Now let's look at a more advanced example. Follow our method to synthesize robust countermeasure samples to find a single disturbance to the cat image, which is simultaneously antagonistic under some selected transformation distributions, and any differentiable transformation distribution can be selected; in this article, we will synthesize a single countermeasure input and set θ ∈ [- π / 4, π / 4], which is robust to rotation. Before continuing with the following work, check whether the previous example can resist rotation, for example, set the angle to θ= π/8.

ex_angle = np.pi/8

angle = tf.placeholder(tf.float32, ())
rotated_image = tf.contrib.image.rotate(image, angle)
rotated_example = rotated_image.eval(feed_dict={image: adv, angle: ex_angle})
classify(rotated_example, correct_class=img_class, target_class=demo_target)

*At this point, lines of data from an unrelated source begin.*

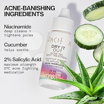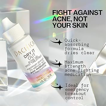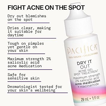 Banish Breakouts Fast with Pacifica Dry It Out Acne Spot Treatment Gel. Say goodbye to stubborn pimples and hello to clearer skin with this maximum strength acne fighter. Formulated with 2% Salicylic Acid (the highest level allowed in over-the-counter acne treatments), this targeted gel works quickly to dry out blemishes and reduce redness, so you can wake up to a calmer, clearer complexion.
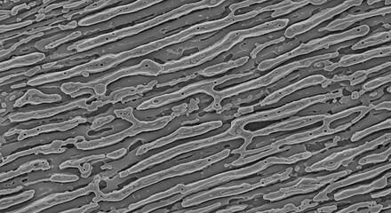 High-resolution electron microscopy image revealing the intricate, layered microstructure of a metallic alloy surface
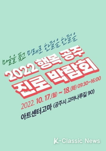 K-Classic News 강희현 기자 | 공주시는 학생 스스로 꿈을 찾을 수 있는 진로탐색 기회를 제공하기 위한 ‘2022 행복공주 진로체험박람회’를 오는 17일부터 18일까지 아트센터 고마에서 개최한다고 밝혔다.
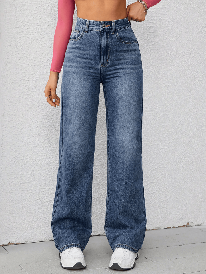 Oroie Malise Women's Breathable Simple High Waist Straight Leg Jeans Loose Fit Full Length Light Wash Denim Casual Summer
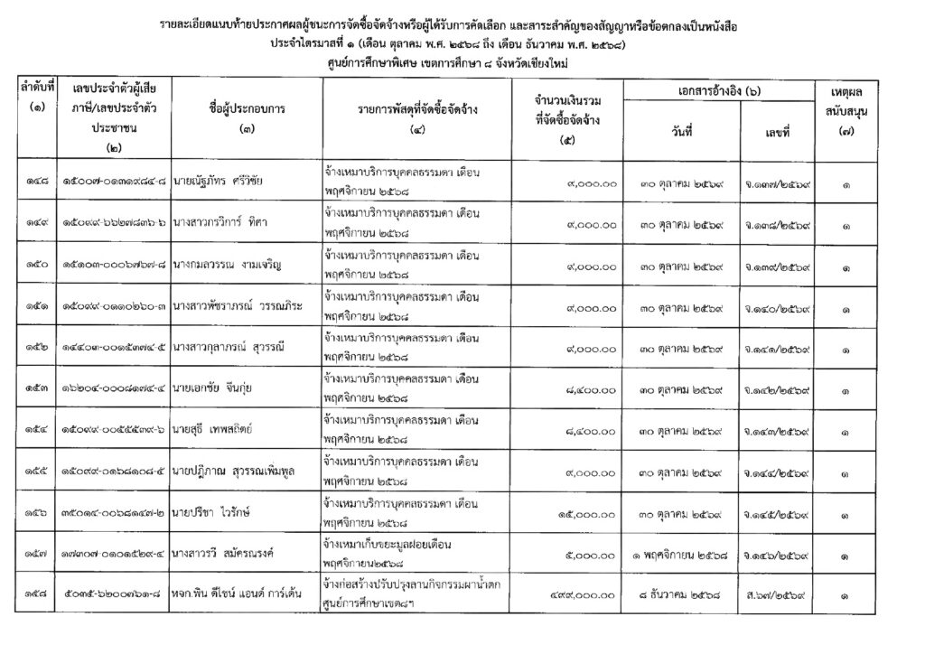 ประกาศ ศูนย์การศึกษาพิเศษ เขตการศึกษา 8 จังหวัดเชียงใหม่
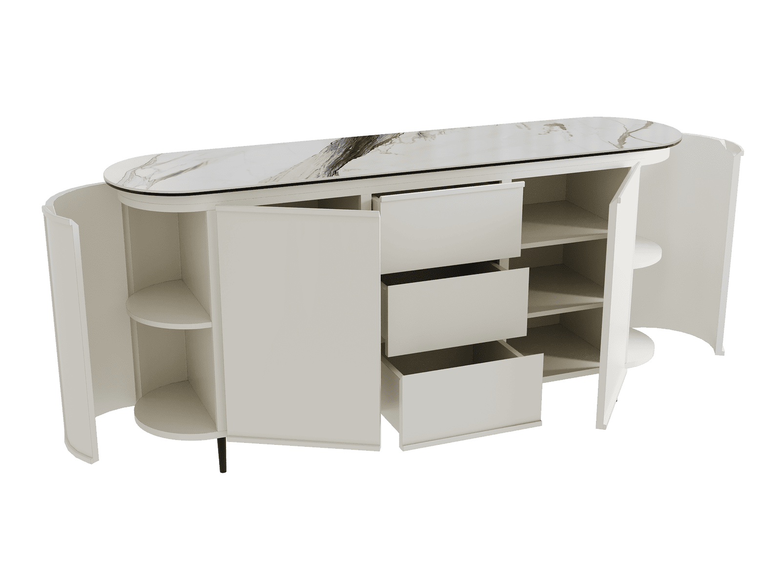 The OHIO sideboard combines the warmth of wood with the elegance of ceramic for a refined and functional style. It offers generous storage capacity thanks to its integrated shelves and drawers. Its top, available in ten ceramic finishes, blends harmoniously with any interior. Offered in two sizes (130 or 170 cm), the OHIO sideboard embodies a perfect balance between modernity and authenticity.
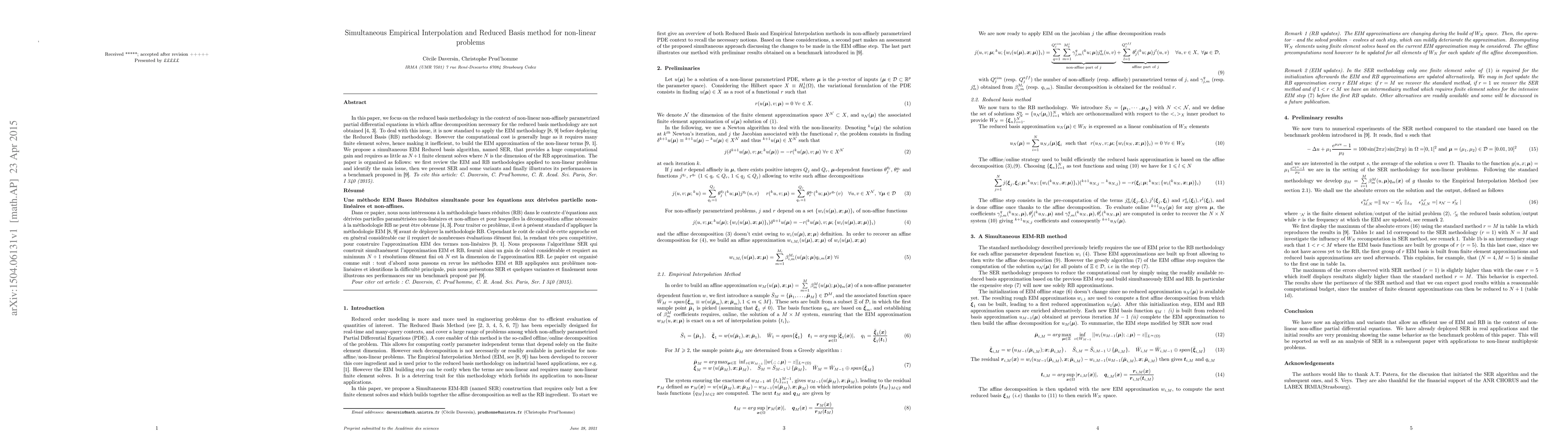 This paper proposes a simultaneous Empirical Interpolation and Reduced Basis (SER) method to efficiently solve non-linear non-affinely parametrized partial differential equations, significantly reducing computational costs by requiring only N + 1 finite element solves, where N is the dimension of the reduced basis approximation. The SER method addresses the inefficiencies of traditional EIM-RB approaches.
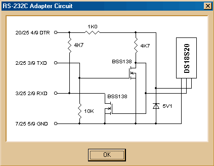 Для подключения DS18S20 к COM-порту компьютера используется адаптер, схема которого приведена на рисунке, где показано окно помощи программы.
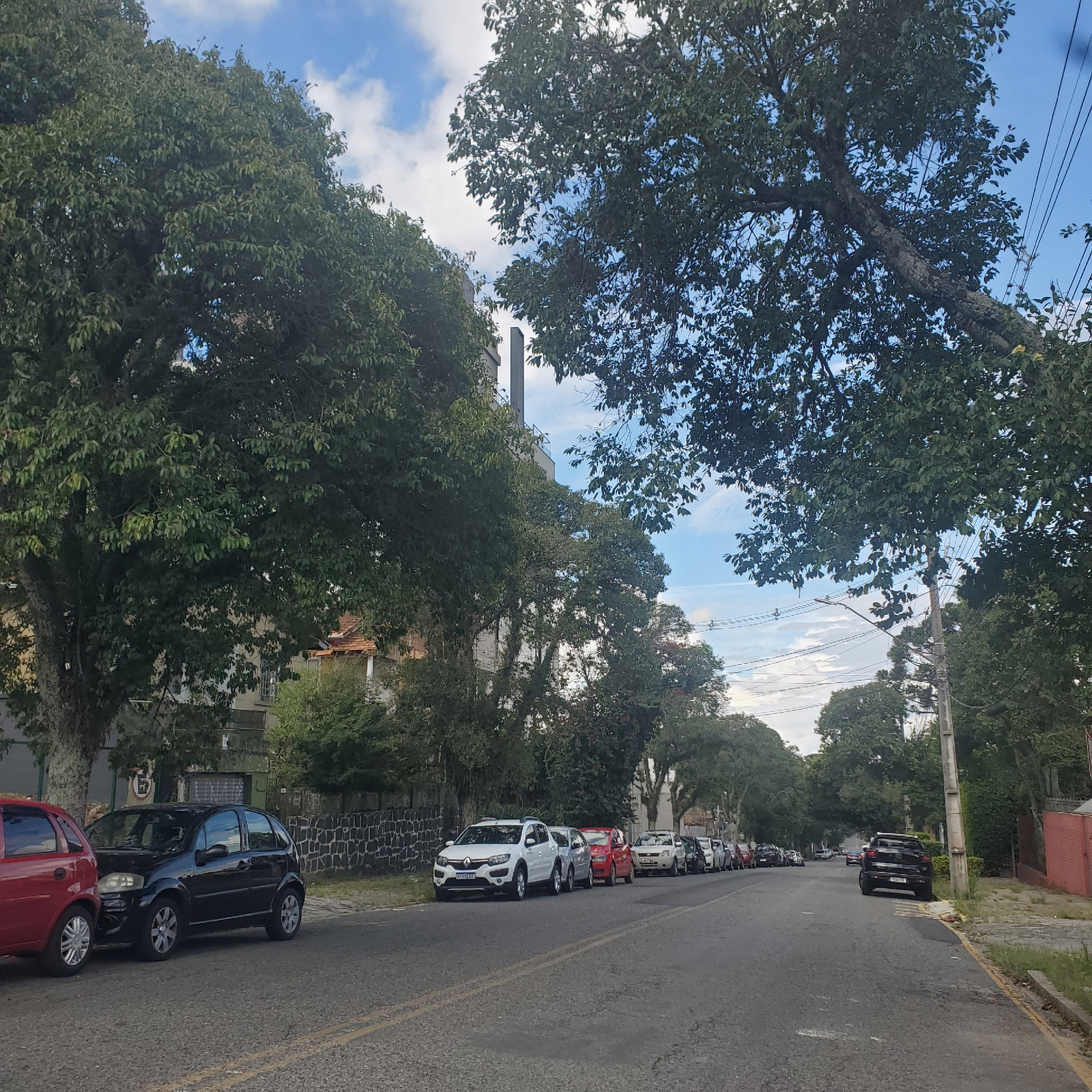 A photograph depicts a tree-lined street in Curitiba, Brazil, flanked by parked cars. The vehicles, a mix of colors and models, are parked tightly along the roadside. Overhead, dense tree foliage crea…read more

It seems that the counter sample we generated before is not rotation invariant! So, how to make a counter sample robust to the distribution of the transformation? Given some transformation distributions T, we can maximize Et~TlogP(y'|t(X'), and the constraint is ‖ X- X '‖∞≤ ε. This optimization problem can be solved by the projection gradient descent method. Note that ∇ EtTlogP(y'|t(X') is equal to EtT ∇ logP(y'|t(X'), and approach the sample in each gradient descent step. We can use a technique to let TensorFlow do this for us instead of manually implementing gradient sampling: we can simulate the gradient descent based on sampling as the gradient descent in the set of random classifiers. The random classifier randomly extracts from the distribution and transforms the input before classification.

num_samples = 10
average_loss = 0
for i in range(num_samples):
    rotated = tf.contrib.image.rotate(
        image, tf.random_uniform((), minval=-np.pi/4, maxval=np.pi/4))
    rotated_logits, _ = inception(rotated, reuse=True)
    average_loss += tf.nn.softmax_cross_entropy_with_logits(
        logits=rotated_logits, labels=labels) / num_samples

We can reuse assign_op and project_step, but for this new goal, we must write a new optim_step.

optim_step = tf.train.GradientDescentOptimizer(
    learning_rate).minimize(average_loss, var_list=[x_hat])

Finally, we are ready to run PGD to generate confrontation input. As in the previous example, select "avocado" as our target class.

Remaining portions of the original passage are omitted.